He showed me photos of his tattooed and pierced five kids by three different women, one of whom ran an “alternative lifestyle” bookstore in San Francisco. Instead of everything being “far out” his every other word was now “awesome.” And here’s the worst part: When I asked him what he did for a living he said he worked for the USDA! This guy who teasingly called me “farmer’ in high school, laughed at us when we wore our FFA jackets to school, and wouldn’t know a Holstein from a John Deere, worked for the USDA! (Food stamp division.) This guy who burned our flag and hated our government had worked for it ever since he got back from Canada.

When I walked the couple to their car after dinner I was surprised to see a silver Lexus instead of an old VW bus, and it was plastered with bumper stickers for the Humane Society, Nature Conservancy and “Green Sex.” It turns out that Stoner is now an activist for reproductive rights and guaranteed access to contraception. The old hippie who used to protest that we’d all die in a nuclear holocaust now knows we’ll all perish due to global warming.
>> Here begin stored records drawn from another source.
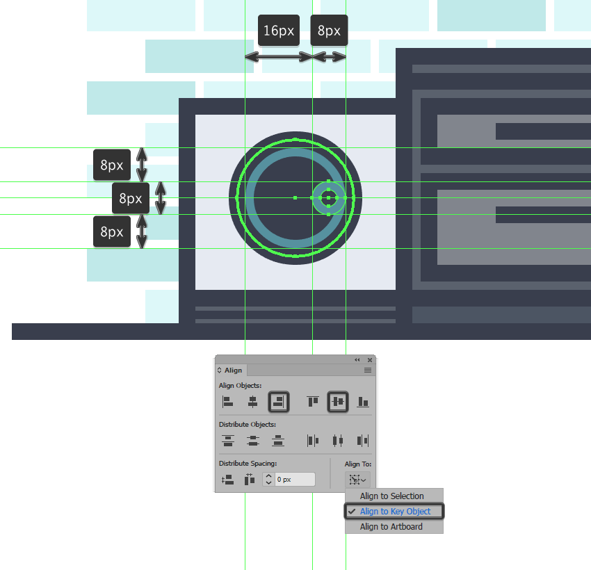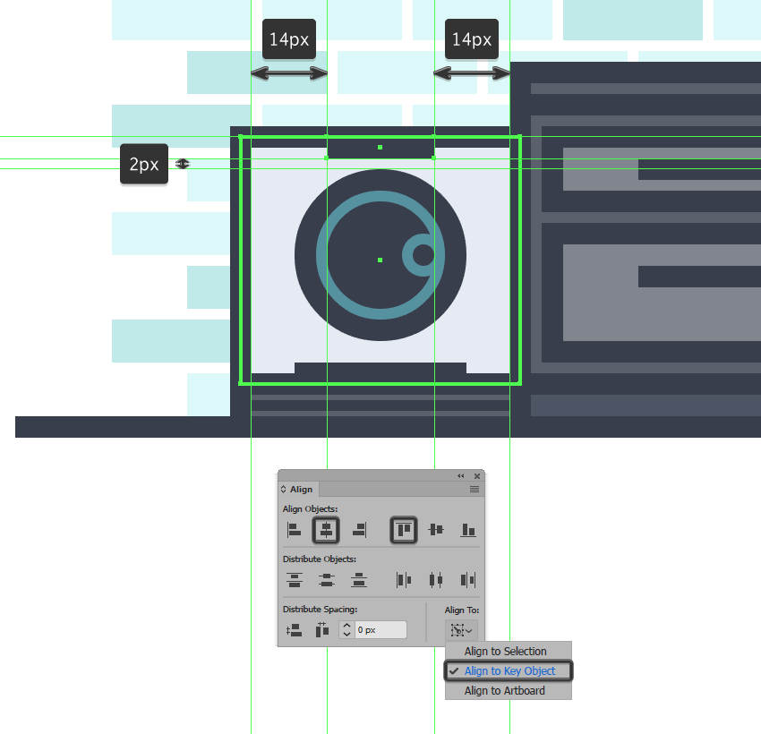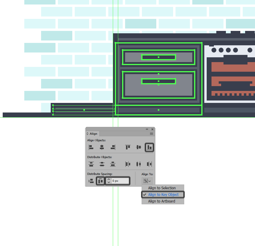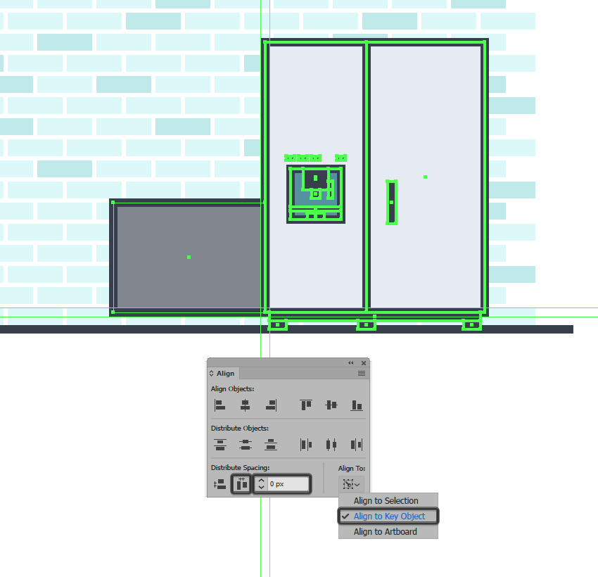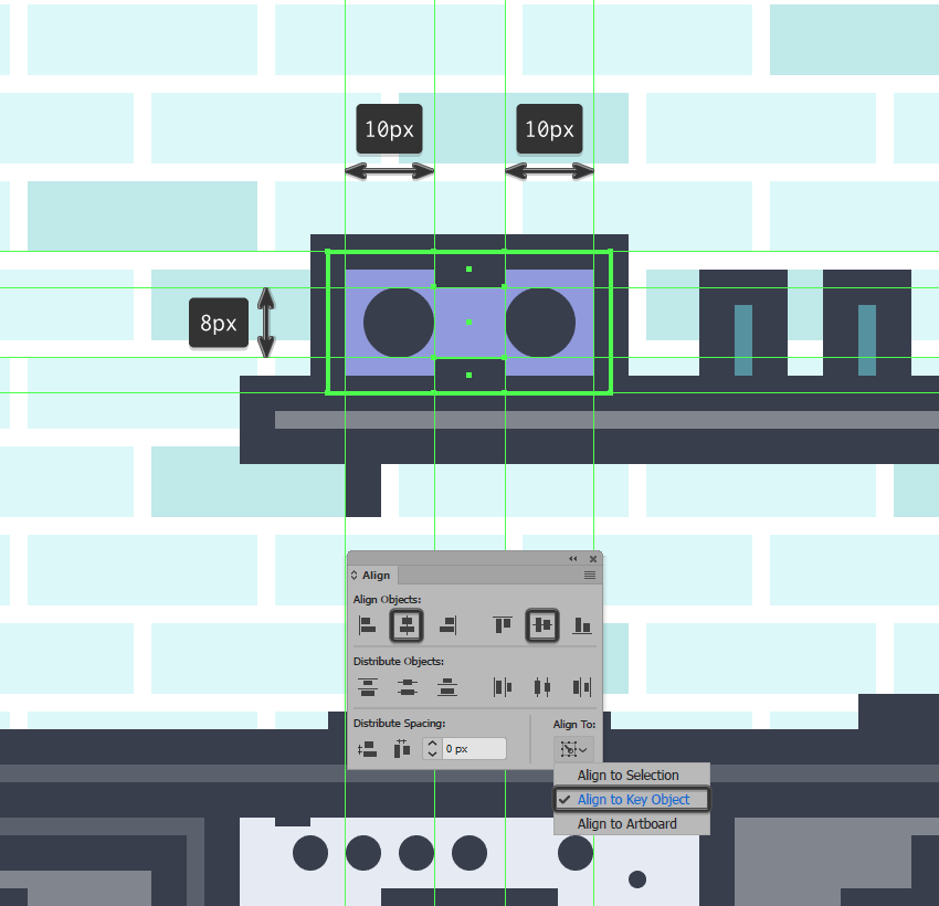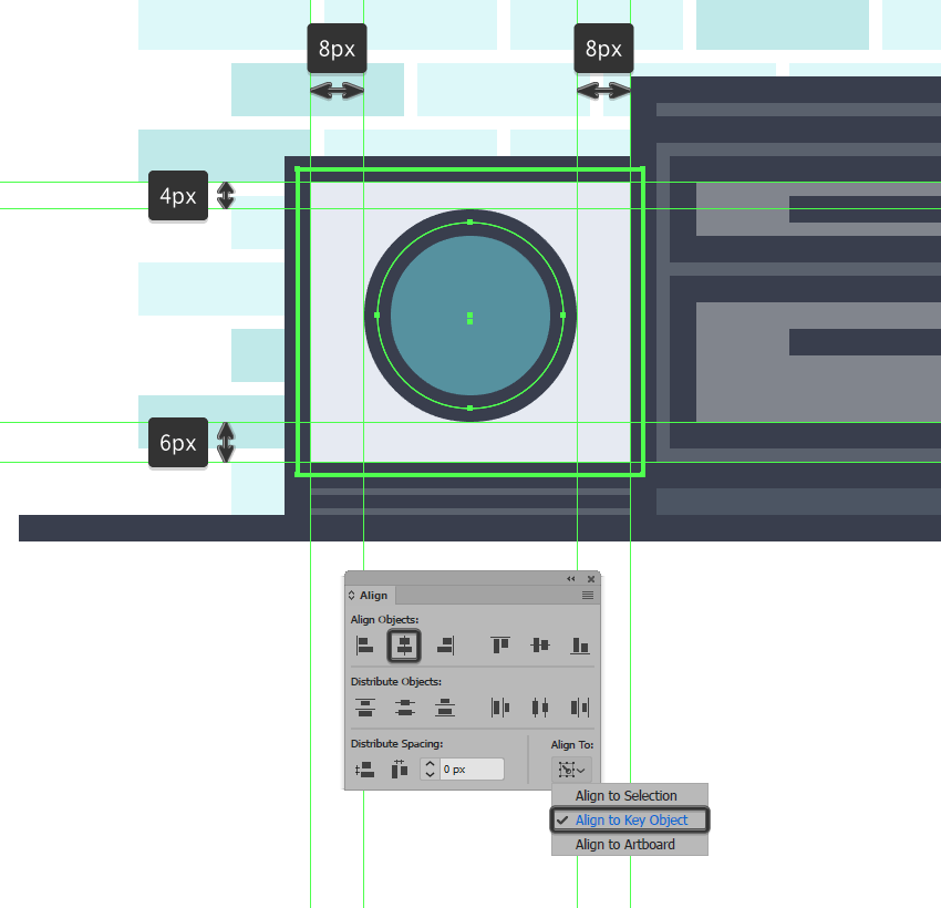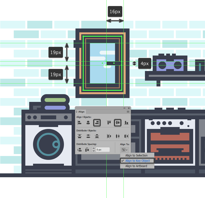 绘制三个8 x 4 px矩形(#363C4C),其水平间距4px.编组后,将其与烤箱中心对对齐。最后将整个厨房灶台编组后进入下一个部分。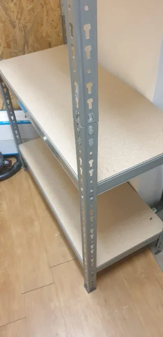 Estantería metálica de cuatro niveles, ideal para organizar espacios. - Estructura robusta. - Diseño de fácil montaje. - Superficies amplias para almacenamiento. 15€/unidad Las 5 unidades - 50€
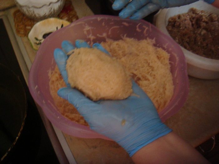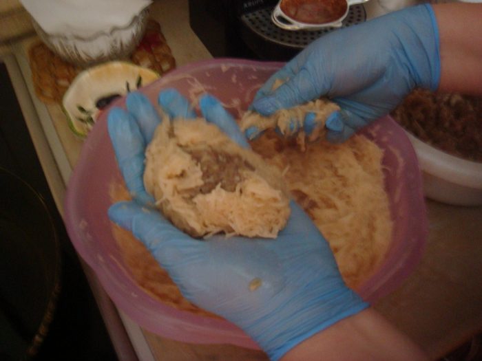 Краями «лепёшки» закрыть фарш. Взяла немного тертой картошки, чтобы сформовать вот такой «колдун»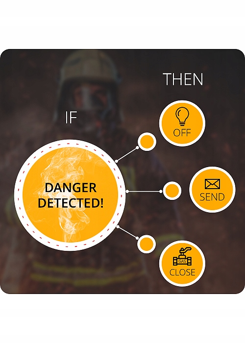 Використовуйте розумний датчик, щоб запрограмувати сценарій безпеки. Детектор можна підключити до інших Smart-пристроїв, щоб за потреби ви могли автоматично вмикати кондиціонер.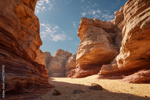 Desert canyon landscape with layered rock formations, warm afternoon light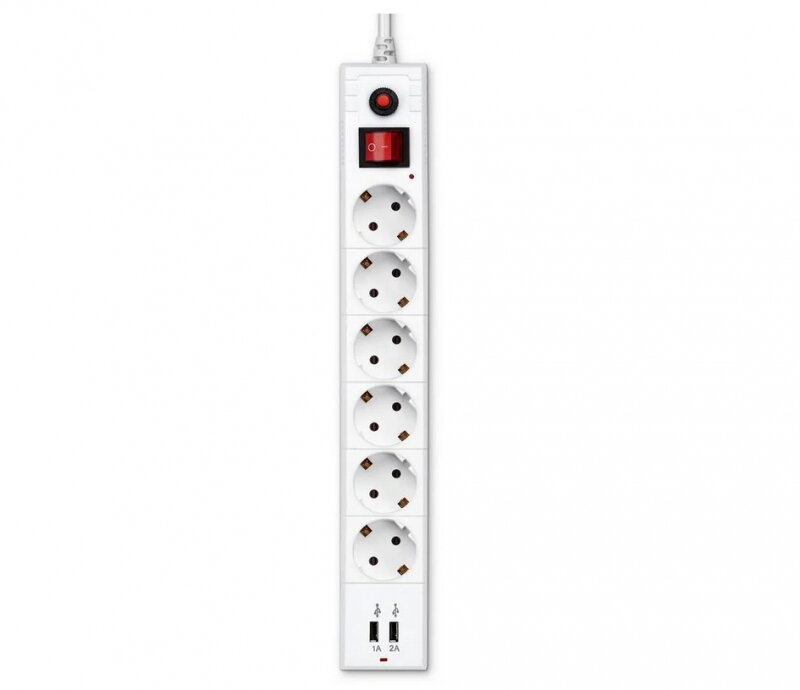 Сетевой фильтр Buro BU-SP1.8_USB_2A-W 1.8 м, (6 розеток), белый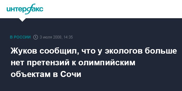 Москва. 3 июля. INTERFAX.RU - Вице-премьер правительства РФ Александр Жуков заявил, что у экологических организаций больше нет претензий к объектам зимней Олимпиады-2014 в Сочи. "Сегодня ими (экологами - ИФ) было заявлено, что все остальные объекты (кроме санно-бобслейной трассы, горной олимпийской деревни и водозабора - ИФ) и весь план Олимпиады полностью удовлетворяют экологов", - сказал он на пресс-конференции в Сочи.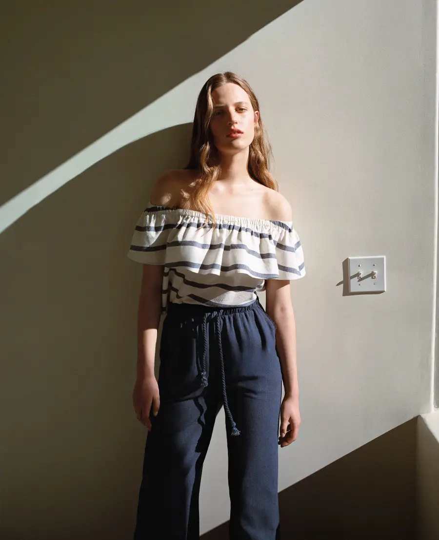 La colección de vestir está formada por vestidos largos y vaporosos, camisetas bordadas, y pantalones de lino pensados para combinar con los bañadores y trikinis. Oysho piensa en una mujer sutil, delicada y femenina para este verano.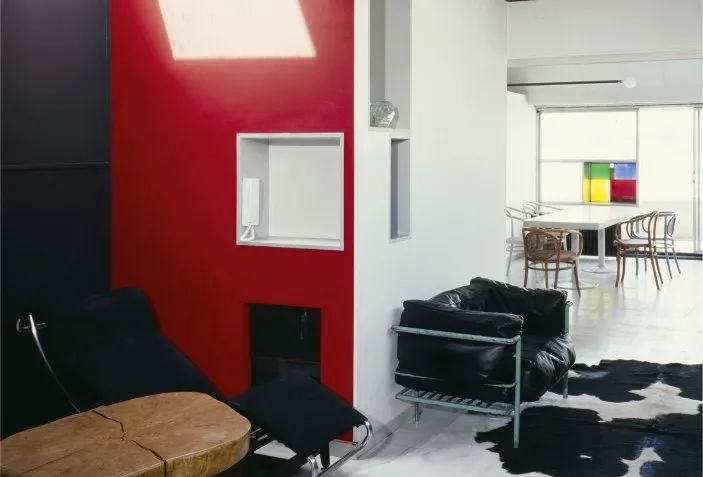 这间公寓取名为24 n.c.,可以说是建筑师自己的现代主义试验场。公寓的亮点之一是玻璃外立面的大胆设计,他选择用玻璃填充地板到天花板之间的空间,这一创新在当时开创了第一。客厅用红色墙壁做隔板,并将休息区与其他生活区隔开,起到一定的空间延伸效果。柯布西耶设计了家里的大多数家具,还有一些出自他的好友charlotte perriand和堂兄pierre jeanneret之手,这两位同样是现代主义文化先锋运动的重要活跃设计师。

The same old hippies who believed in free thinking and having an open mind are the same people who’ve given us political correctness.

As Stoner pulled away he rolled down his car window and said, “Peace and love brother.” And that’s when it hit me: The old hippies don’t like our country any better now than they did in the sixties, despite the fact that they’re now running the operation! They are still revoltin’… in more ways than one.